TASK TO COMPLETE: In the entries below, locate the line with "Sculptural Side Table", then give again that line and all lines after it, exactly, with pictures omitted.

RECORD SET:
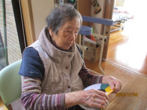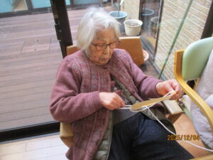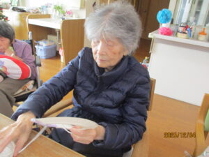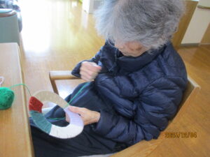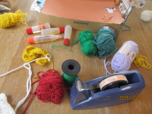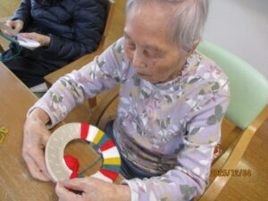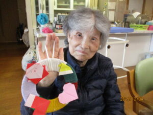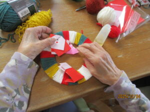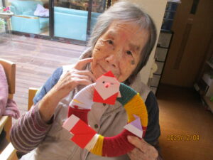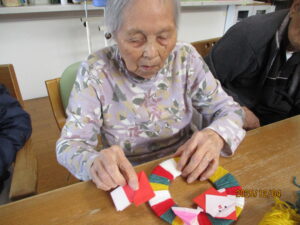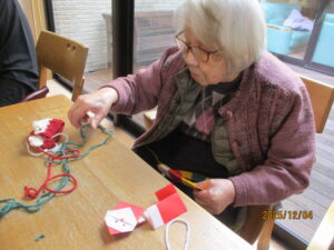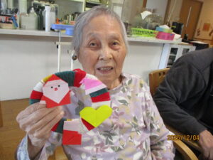 巻き終えたら・・・折り紙でサンタ🎅や靴下🧦・ハート💘を作り貼り付けます
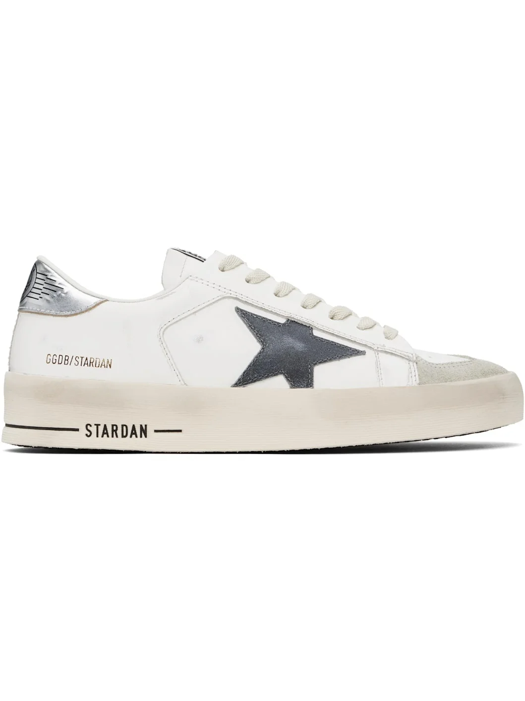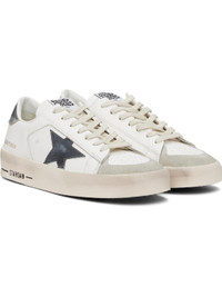 Handcrafted low-top leather sneakers in white and gray. · Smudging and distressing throughout · Perforated detailing and suede trim at toe · Lace-up closure · Logo patch at padded tongue · Padded collar · Suede signature star applique at outer side · Gold-tone logo stamp at outer side · Perforated detailing at inner side · Logo graphic printed at heel tab · Terrycloth, suede, and buffed leather lining · Logo-embossed rubber midsole · Treaded rubber sole Supplier color: White/Grey/Silver Upper: leather. Sole: rubber. Made in Italy 251264M237018
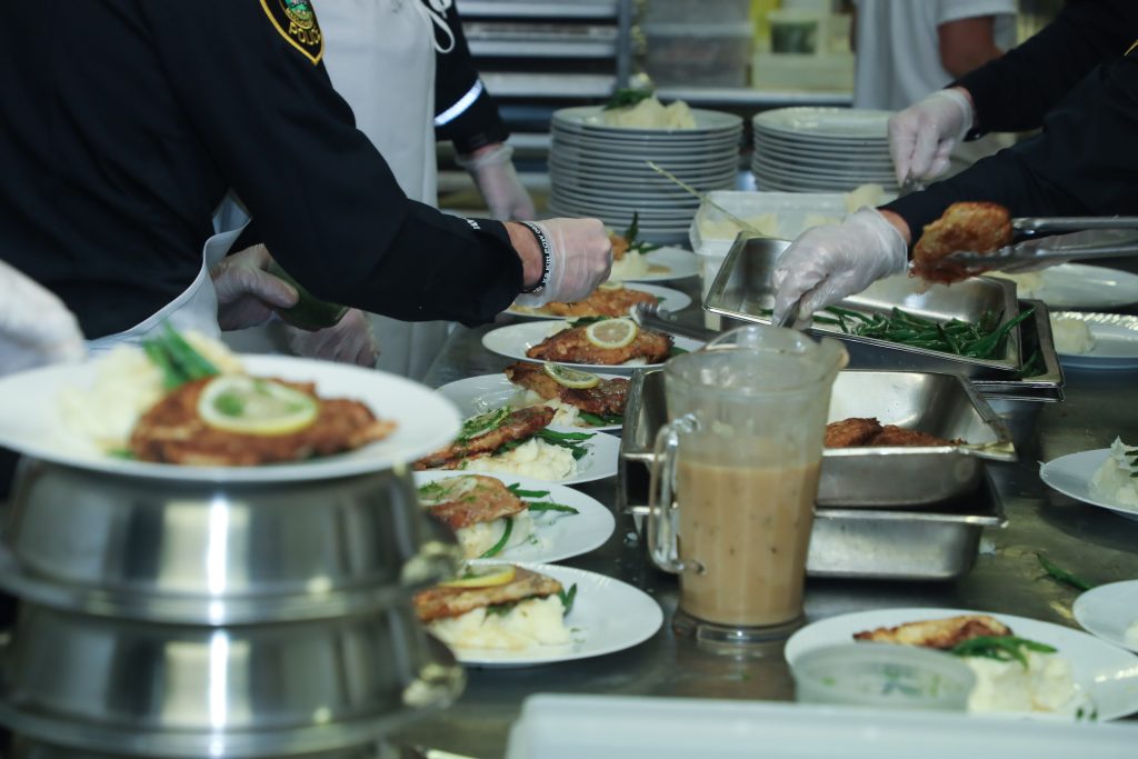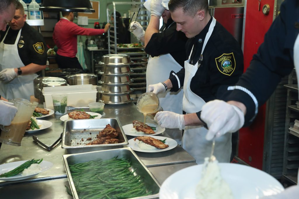 The HPD officers assisted the Raffael’s staff at the Country Club with meal preparation, served the food, and performed cleanup duty.
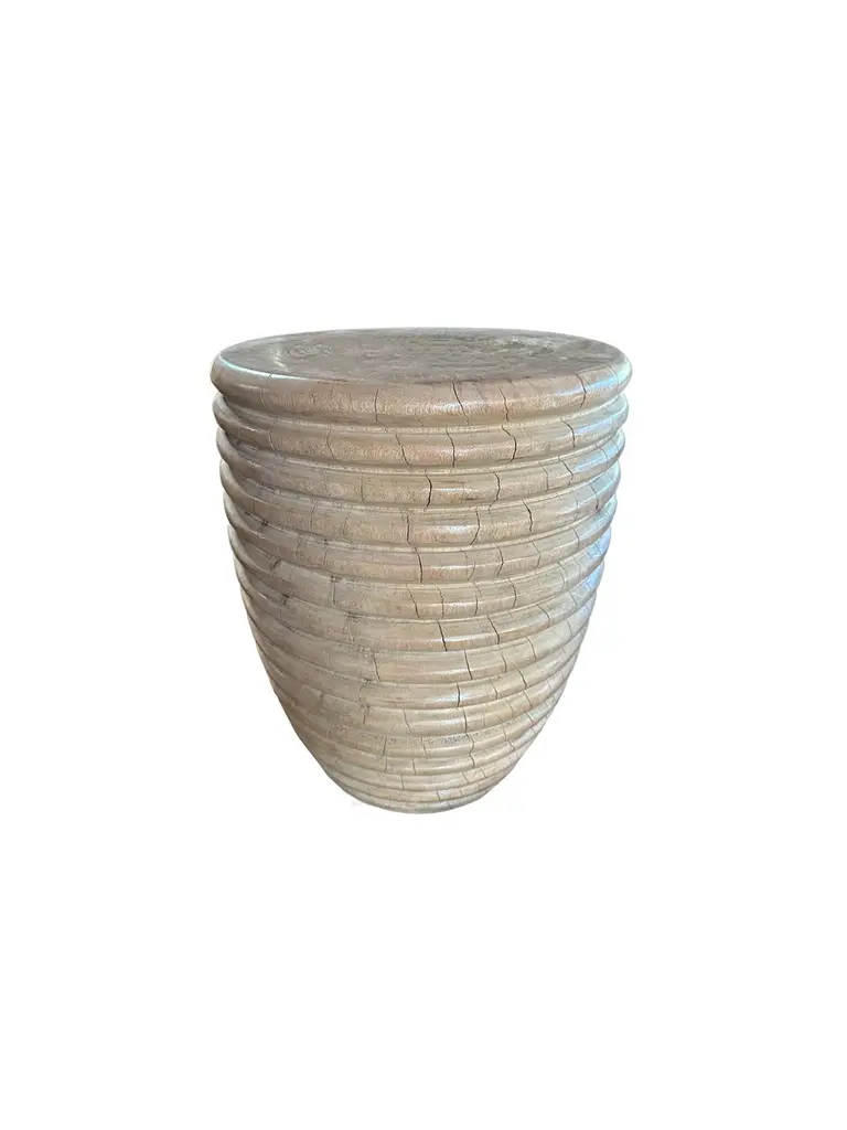 Sculptural Side Table Solid Mango Wood With Ribbed Detailing
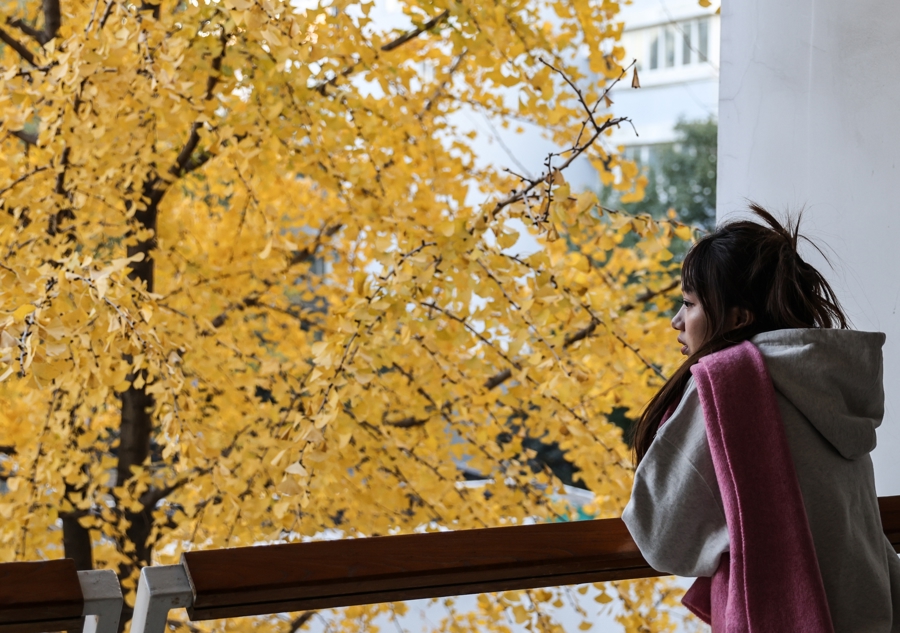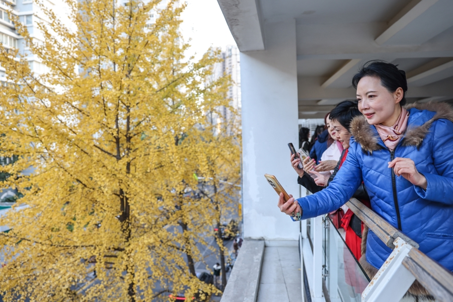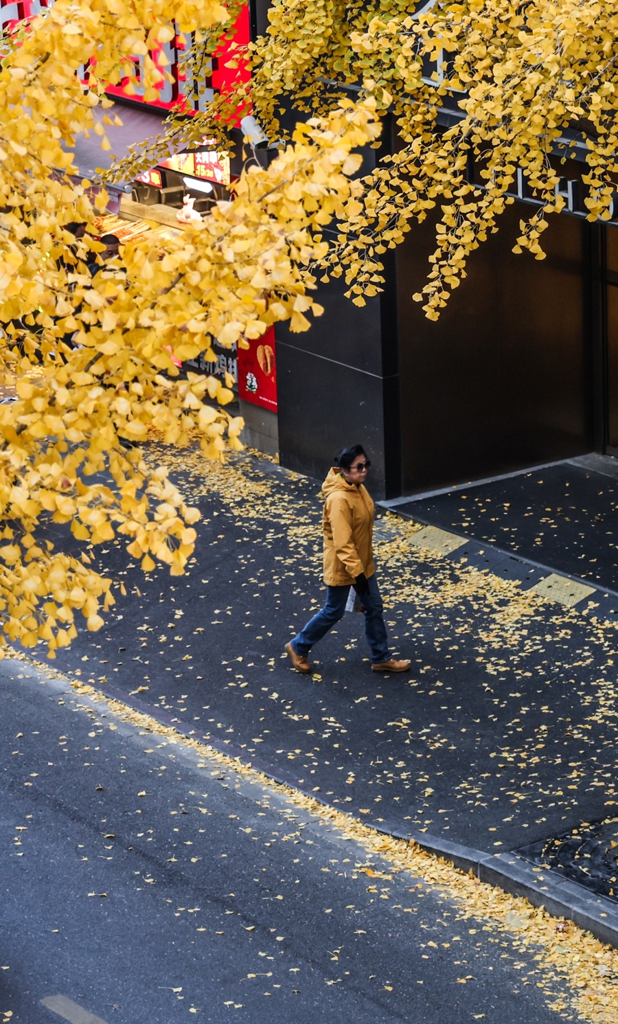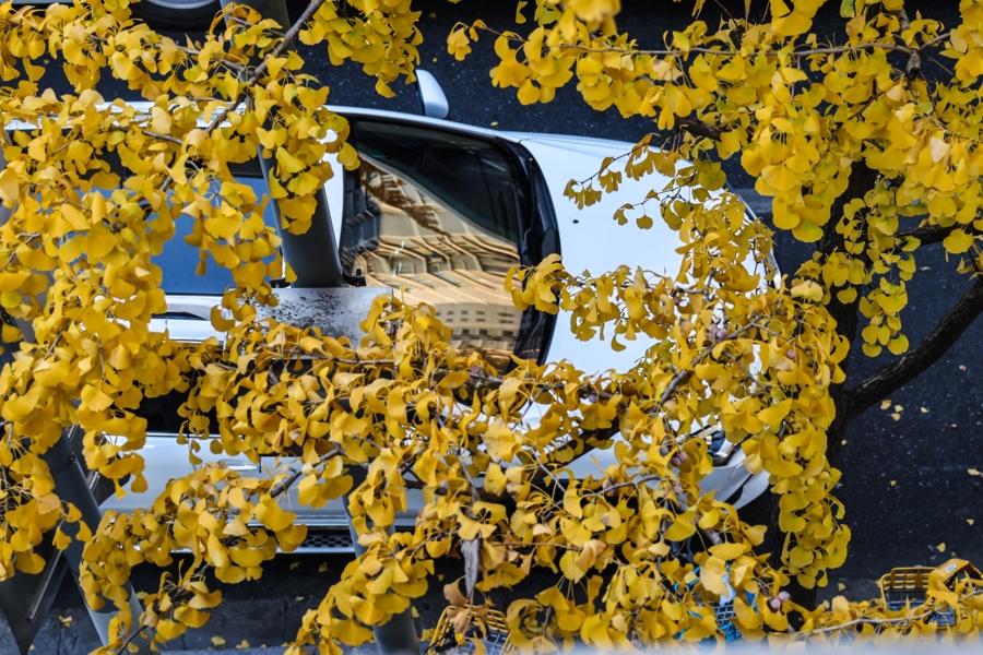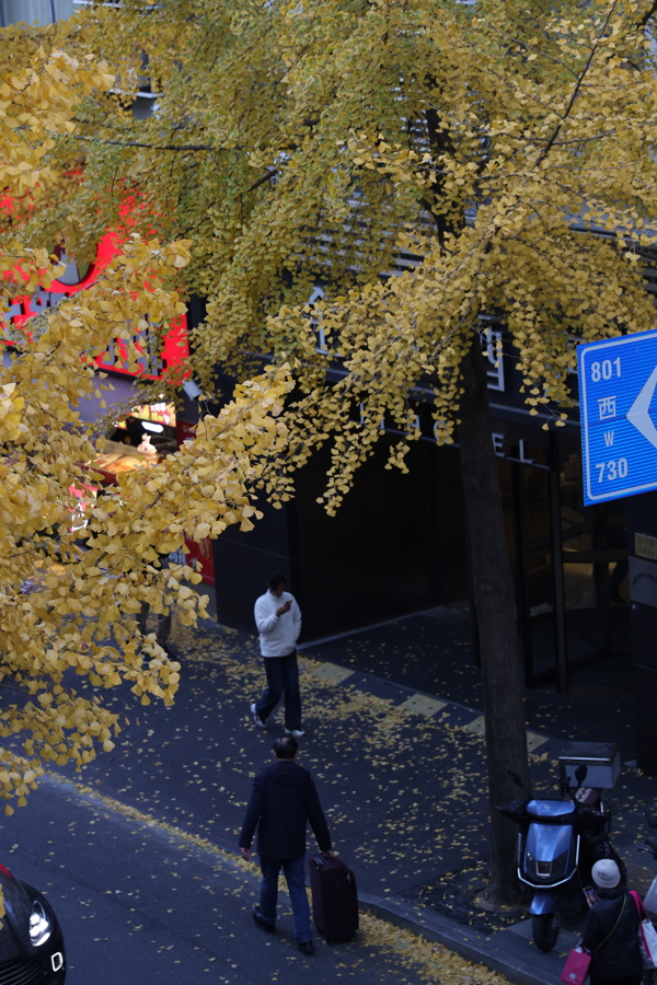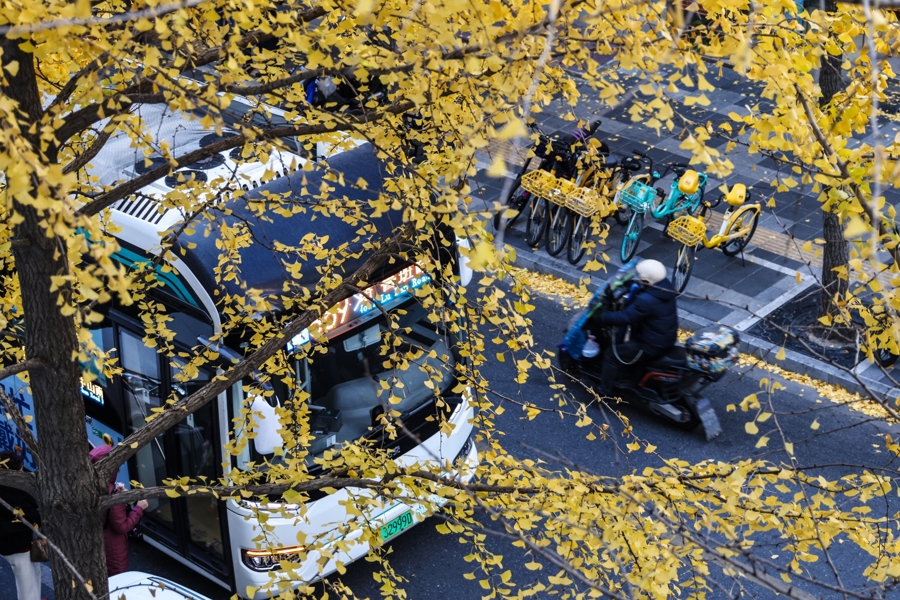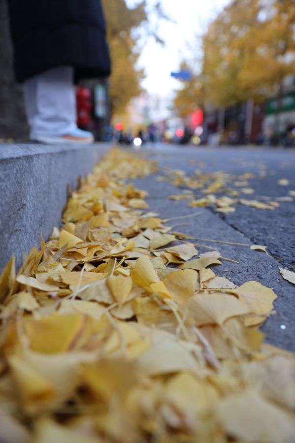 记者在现场看到,银杏叶片已大面积转黄,形成独特的街景。金黄的银杏树穿过沿街的电话亭、公交站牌,一步一景让人心醉神怡。

TASK OUTPUT:
 Sculptural Side Table Solid Mango Wood With Ribbed Detailing
 记者在现场看到,银杏叶片已大面积转黄,形成独特的街景。金黄的银杏树穿过沿街的电话亭、公交站牌,一步一景让人心醉神怡。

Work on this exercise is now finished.